Your CompTIA Security+ Score Stuck at 70%? Here’s Why You Can’t Break Through
You’ve taken the practice exam five times. Your scores hover between 68% and 72%. You’re reading the study materials again. You’re watching more videos. Nothing moves the needle. The CompTIA Security+ exam (SY0-601) isn’t testing what you think it’s testing, and that’s why additional memorization won’t help you pass.
Direct Answer
If your CompTIA Security+ practice exam scores are plateauing at 70%, you’ve hit a memorization plateau—you know the facts but cannot yet apply security reasoning to scenario-based questions. The CompTIA Security+ exam deliberately shifts from recall-based testing to performance-based reasoning in its later domains, particularly in incident response, cryptography application, and threat analysis. Breaking through 70% requires a fundamental shift from memorizing definitions to practicing decision-making under ambiguity, which most candidates attempt only after multiple failed attempts. You need to stop reviewing content and start deconstructing why wrong answers feel correct, then reverse-engineer the exam’s logical framework.
Why This Happens to CompTIA Security+ Candidates
CompTIA Security+ is not a knowledge test. It’s an applied reasoning test dressed as a knowledge test.
The first two domains—Security Architecture and Design, and Security Operations—can be passed with solid memorization. You learn the difference between encryption types, firewall rules, and authentication protocols, and you can answer straightforward multiple-choice questions correctly. This is how candidates reach 65-72% without struggle.

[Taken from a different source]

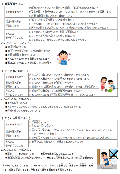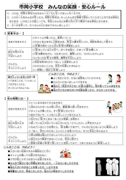 市岡小学校「みんなの笑顔・安心ルール」の活用

But the remaining four domains—Threat Management, Identity and Access Management, Risk Management, and Cryptography and PKI—demand something different. They ask “what would you do?” not “what is this called?” A candidate at 70% has typically mastered domain definitions but hasn’t internalized the decision logic that separates passing from failing responses.
Performance-based questions amplify this gap. These simulations ask you to configure a firewall rule, select an appropriate encryption standard for a specific use case, or identify the correct incident response phase when given a messy real-world scenario. If you’ve memorized that “AES-256 is secure,” you’ll freeze when asked whether to use AES-256 or TLS 1.3 for protecting data in transit—because you never practiced choosing between two technically correct answers based on context.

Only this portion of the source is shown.